I started small, tentatively, gently, testing my maths. And I kept winning, I couldn’t help it. It was like I had the Midas touch, as if I wasn’t following that little ball but it was following me. I walked away just before Easter with over £2,000, and another day with nearly £3,000. And I felt liberated. So powerful!

And said nothing to Roy, not yet. But truly they were happy days.

And even better, the casino was almost exactly halfway between work and home. My commute on foot — which I did when it wasn’t raining — took me almost past the casino’s entrance, luring me inside. And especially since I won a bucket load that very first time: £740 — to me that was big — and I was winning even bigger every day.

I left work at 1 p.m. and Roy was rarely home before 7 p.m. That gave me the whole afternoon at the roulette wheel. And the brilliant thing, I realized, was that this was a pretty dead time for the casino.

Playing the bored croupier strategy served me brilliantly in those weeks. But after my early surge I hit a losing streak and, a few months on, my careful records showed I was now up by a princely £132. Not exactly the jackpot I knew was waiting for me.

There was a Chinese guy of about fifty, whose name I learned from overhearing the croupier addressing him respectfully as Mr Yuchi. He wore a neat suit and smelled of stale cigarette smoke and had taken to joining me at my table, which annoyed me because it meant the croupier was no longer so bored. But Mr Yuchi played the roulette table like no one I’d ever seen.

He literally covered vast areas with stacks of chips — and these were high-value ones; some I could see were £50, others £100, and on some numbers they were six, eight, ten deep.

I watched him discreetly. Then I realized his method. It was simple and crude. He was basically playing the odds. If you tossed a coin and it came up heads, you’d expect it to be tails next time. If it was heads again, you’d expect it even more so to be tails next. Heads for the third time and for sure it had to be tails next. But if it wasn’t, then the fourth time, surely.

It wasn’t any different at the roulette wheel, apart from the risk of that green zero. Every time that little ball landed in a slot it was either red or black. I began counting. Over the next two weeks I never saw either colour come up more than four times consecutively. Yes!

I had a new strategy.

Bet on a colour — red. If black came up, bet on red again, doubling the amount. Then again. Then again.

The first time I tried it, it worked a treat: £5 on red, black came up; £10 on red, black again; £20 on red, black again; £40 on red — red came up! £80 back for a £75 investment. Beats the hell out of the stock market!

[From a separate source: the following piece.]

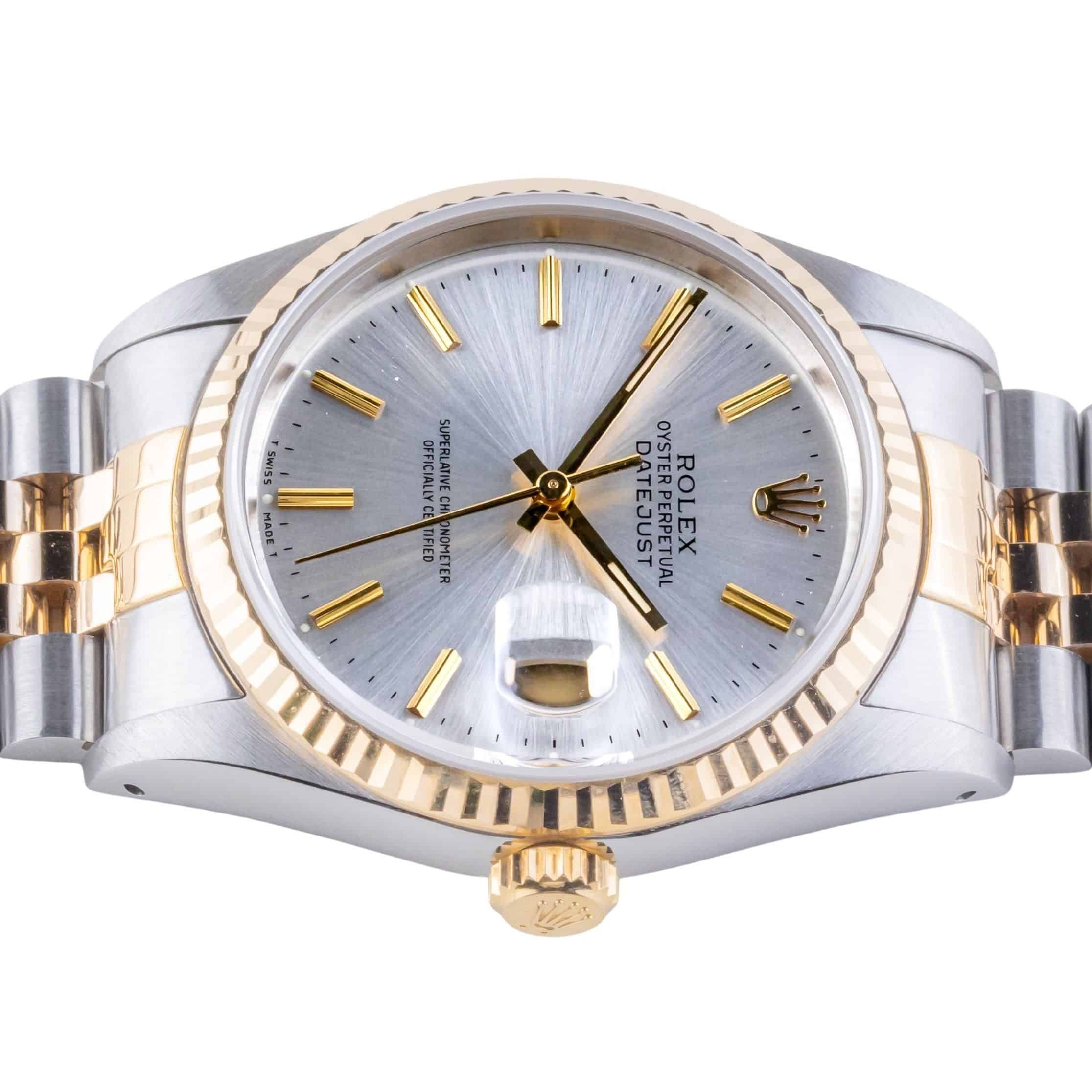 Rolex Oyster Perpetual Datejust reference 16233 from 1990 including full set. The Datejust 16233 measures a 36mm gold and stainless steel case, two-tone Jubilee bracelet and fluted 18k gold bezel. This Datejust 16233 features an automatic movement caliber 3135 with a quickset date function, a scratch resistance sapphire crystal and a silver dial with tritium hands.

The second day I went bolder: £50 on red, black came up; I doubled, £100 on red, black again; £200 on red, black again; £400 on red, black yet again.

And I was out of chips.

In between the next spin of the wheel I ran to the cashier, drew £500 off my credit card — my own one, not our joint account — and returned to the table. Black came up four times in a row, while I waited, then I put the lot on red. Four conspicuous piles of twenty-five-pound chips.

Black again.

Shit, shit, shit.

Mr Yuchi must have seen my disappointed face because he gave me a smile and a don’t worry about it shrug.

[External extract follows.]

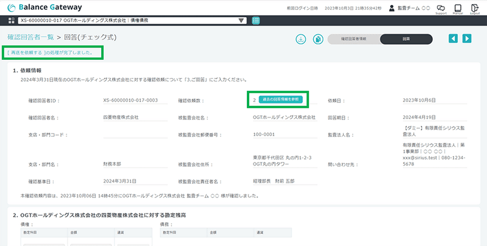 - プロジェクトタイプ「債権・債務」(旧:プロジェクトタイプA)の確認回答者情報追加方法の変更

So I didn’t worry about it. Just a momentary glitch. I had another hour before I had to leave and head home. I went back to the cashier, who sat in her little booth behind the counter, and asked for another £500 in twenty-five-pound chips.

But moments after I put the card into the reader I saw her frown. She was a rather prim-looking lady in her sixties, with the kind of dyed hair that goes a little orange, in a bun on top of her head. Although she must have recognized me, as I’d been drawing money out or cashing chips in now daily for months, she looked at me like I was a total stranger. ‘Declined,’ she said.

‘Declined?’ I echoed. ‘What do you mean?’

I had to work hard to suppress my anger — I blame my parents, they kindly allowed me to develop a bit of an issue with how I dealt with situations that made my anger spiral out of control. I could feel it really rising now. I had to have a word with myself, it wasn’t her fault that some bank robot with a screwed-up algorithm was denying me credit.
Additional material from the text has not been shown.